La situation à Léran, dans l'Ariège, provoque une onde de choc au sein du monde rural. L’abattage programmé de 113 bovins d'une exploitation a suscité une vague d'indignation chez les élus locaux. Cette décision, selon eux, frappe durement l'agriculture, une pilier essentiel de la vitalité économique de nos communes.
Dans un communiqué signé par Marie-Cécile Rivière, présidente de l'association des maires ruraux (AMR 09), et Florent Pauly, 1er vice-président, les élus expriment leur désarroi face à ce qu'ils considèrent comme une injustice. Ils soulignent le caractère dramatique de la situation, d'autant plus que la famille de l’exploitation a décidé de se conformer à l'abattage, malgré sa réticence.
Les maires souhaitent des comptes de l'État et exigent rapidement des réponses sur plusieurs points cruciaux : la justification d’un abattage total après vaccination, les limites des aides de 4 500 euros par exploitation, ainsi que la nécessité d’assouplir les règles de commande publique pour intégrer la viande des animaux affectés dans la restauration collective. Le discours des élus traduit une volonté claire de défendre les intérêts des agriculteurs, qui contribuent à la richesse des territoires.

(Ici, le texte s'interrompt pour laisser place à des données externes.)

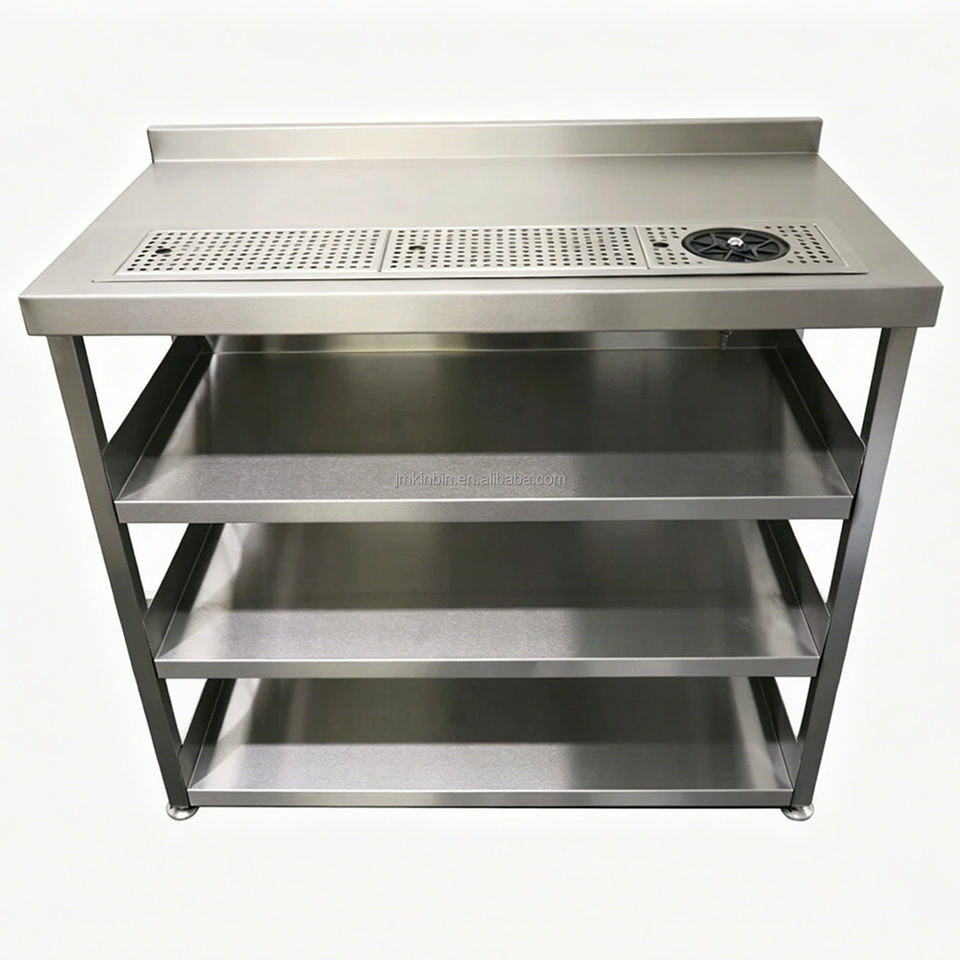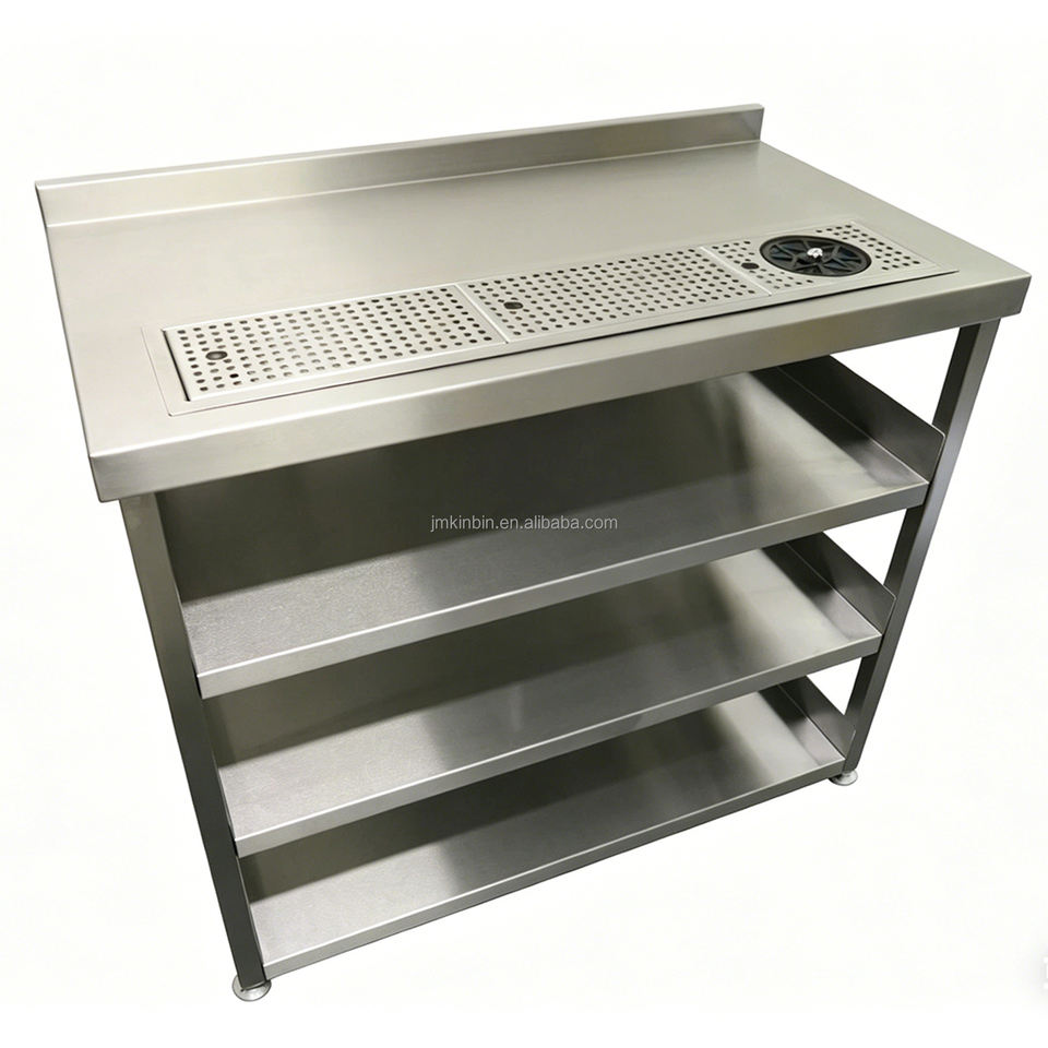 Mesa de Servicio de Bebidas de 4 Niveles con Tabla de Drenaje y Enjuagador de Vasos, Mostrador Comercial para Bebidas para Cafetería o Bar de Té con Leche

Selon un rapport de France Bleu, les conséquences économiques de ces mesures sanitaires sont jugées désastreuses par de nombreux professionnels du secteur. L'économiste agricole Paul Dupont a affirmé que cette situation met en lumière « l’incohérence et l’urgence d’une refonte des politiques d’aide ». Les élus insistent sur l’importance d’une écoute attentive de la part des autorités gouvernementales.
« Nous, élus locaux, ne comptons pas lâcher prise », avertissent-ils. Certains ne se battent pas seulement avec des mots; plusieurs envisagent de remettre leurs écharpes tricolores en signe de protestation. Ils appellent à une mobilisation générale ce vendredi 2 janvier 2026 à midi, devant le siège de la Communauté des Communes du Pays de Mirepoix, où le Préfet devrait être présent pour répondre à leurs interpellations.
Leur appel à une « écoute réelle » et à des actions concrètes est désormais plus urgent que jamais. Ce rassemblement pourrait bien poser les bases d'un dialogue nécessaire pour sauver l'agriculture locale et garantir la pérennité des exploitations familiales.